Sep 20, 2024 10:48 AM

WASHINGTON, Sept 20 (Reuters) - The U.S. Federal Trade

Commission said on Friday it was suing the country's three

largest pharmacy benefit managers, accusing them of abusing

their power and rigging the pharmaceutical supply chain to

artificially inflate the cost of insulin.

Here is what you need to know about PBMs.

WHAT ARE PHARMACY BENEFIT MANAGERS?

Pharmacy benefit managers are companies that handle

prescription drug benefits for health insurance companies, large

employers, and Medicare prescription drug plans - a group often

referred to as payers.

The PBMs negotiate fees and volume-based discounts, known as

rebates, on behalf of payers with drugmakers and pharmacies;

create lists known as formularies of medications covered by

insurance plans; reimburse pharmacies by processing claims; and

manage pharmacy networks. Many also operate their own mail-order

pharmacies. They collect fees from payers and rebates from

drugmakers.

Studies, including one from the Congressional Budget Office,

show that rebates lower drug costs for the government and

consumers. Other studies show a correlation between increases in

a drug's list price and rising rebates for the drug.

WHO ARE THE BIG PBM PLAYERS?

Three companies controlled 79% of U.S. pharmacy benefit

management in 2022, according to the data platform Statista: CVS

Health's ( CVS ) CVS Caremark with 33%, Cigna's ( CI ) Express

Scripts at 24%, and UnitedHealth Group's ( UNH ) OptumRx owns

22% of the market. The FTC's complaint says they now control 80%

of the market.

The other noteworthy companies by market share are Humana

Pharmacy Solutions at 8%, Prime Therapeutics at 5%, and

MedImpact Healthcare Systems with 4%.

These six companies together control 96% of the PBM market.

HOW AND WHY ARE PBMs FACING INTENSE SCRUTINY?

The FTC began investigating the top PBMs and their impact on

pricing and access to prescription drugs in 2022.

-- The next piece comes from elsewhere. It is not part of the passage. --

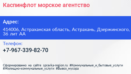 Каспинфлот, морское агентство по адресу 414006, Астраханская область, Астрахань, Дзержинского, 36 лит АА в дальнейшем Организация, размещена в следующих категориях:

In an interim report on its investigation released in July,

the agency said healthcare consolidation has given the companies

outsized influence over prescription drug prices that could

warrant regulation.

The FTC looked into the fees they charge, how they reimburse

pharmacies, clawback of payments to pharmacies outside of their

networks, and whether the companies steer patients to their own

pharmacies. It also investigated whether benefit managers favor

more expensive drugs that yield higher rebates over lower-cost

alternatives.

Lawmakers have introduced about two dozen bills since last

year targeting PBMs, including at least five with bipartisan

support, congressional records show. Several have passed

committees, but have yet to come to a vote by the broader Senate

or House of Representatives.

There is bipartisan support for PBM reform, and lawmakers on

both sides of the aisle heavily criticized the companies in a

July hearing of the House Committee on Oversight and

Accountability where PBM executives came under fire.

Separate bills aim to ban what is known as "spread pricing,"

a practice in which PBMs charge health plans a larger amount for

a drug than they pay out to pharmacies. Some are seeking more

transparency under which the companies would be required to

provide more information on their non-public negotiations.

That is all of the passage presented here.